Жандарм присвистнул тихонько:
— Действительно, здорово! Вы что ж, так и отдали обратно?
— Что вы! — с испугом отмахнулся начальник. — Конечное дело — нет.
— А он что?
Начальник отвел глаза:
— Да ничего, собственно… Так вообще… Бот я и говорю: в таких условиях прямо руки спускаются! Что ни делай — все равно они найдут средства. Собственно, единственно верное — как можно больше свободы дать: при свободе, знаете, наблюдение за собой они слабей держат, нет-нет и случится промашка. А тогда, при удаче, можно много чего узнать. Я поэтому и давал волю. Хотя мне еще три месяца назад надзиратели доносили, что у Баумана — переписка. И у других. И в женском корпусе.
— Действительно, много узнали! — съязвил Медников. — Переписка и дальше будет, очевидно, идти.

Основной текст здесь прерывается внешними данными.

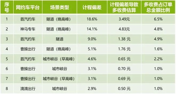 其中,本次计程正偏差最大的8次测试,会导致消费者被多收费0.5-4.8元,占订单总金额的比例大致在1-6.5%。

— Не думаю, — качнул бородой своей тюремный начальник. — Баумана я давно уже перевел в изолятор. Оттуда-ни постукать, ни поговорить: могила! Прогулок нет. И уборка через два дня в третий, при надзирателе. Опять же — уборщиков, что политических обслуживали, я арестовал.
— Вот это дело, — щурясь, проговорил Медников. — За нами их записали? Я их сам допрошу…
— Уже допрошены! — досадливо перебил полковник. — Я этим самолично занялся. Уперлись. Знать не знаем. Ничего из них не выбьешь.
Медников погладил левую ладонь правой:
— У меня скажут-с.
— С пристрастием, думаешь? — фыркнул полковник. — А я, по-твоему, что мармеладом угощал?.. Я говорю, ничего от них не узнаешь: варнаки. С него шкуру сдери — раз уж он уперся, не пикнет.
Глава XXIV
БУЛОЧНИКИ
По Тверской вниз опрометью вроссыпь бежали люди. Издали, от Страстной площади, доносилась оружейная трескотня.
Козуба ухватил за плечо бежавшего навстречу рабочего:
— Что там?
Рабочий задохся от бега. Не сразу ответил:
— У Филиппова булочники бунтуют…
— Забастовка, знаю, — перебил Козуба.
Но парень махнул рукой:
— Бунт, говорю. Стреляют пекаря-то. В доме заперлись и лупят… Страсти. Войск нагнано! Кровь по всей улице…
Козуба выпустил плечо. Парень пошел дальше успокоенным, но все еще вздрагивающим шагом.
Шедший с Козубой приземистый черноволосый рабочий спросил тревожно:
— Филипповцы?.. Никак, Иринин район?
Козуба кивнул хмуро:
— Я и то подумал. Давно не терпится девке… Сказано было: выжидать… А ну, ходу!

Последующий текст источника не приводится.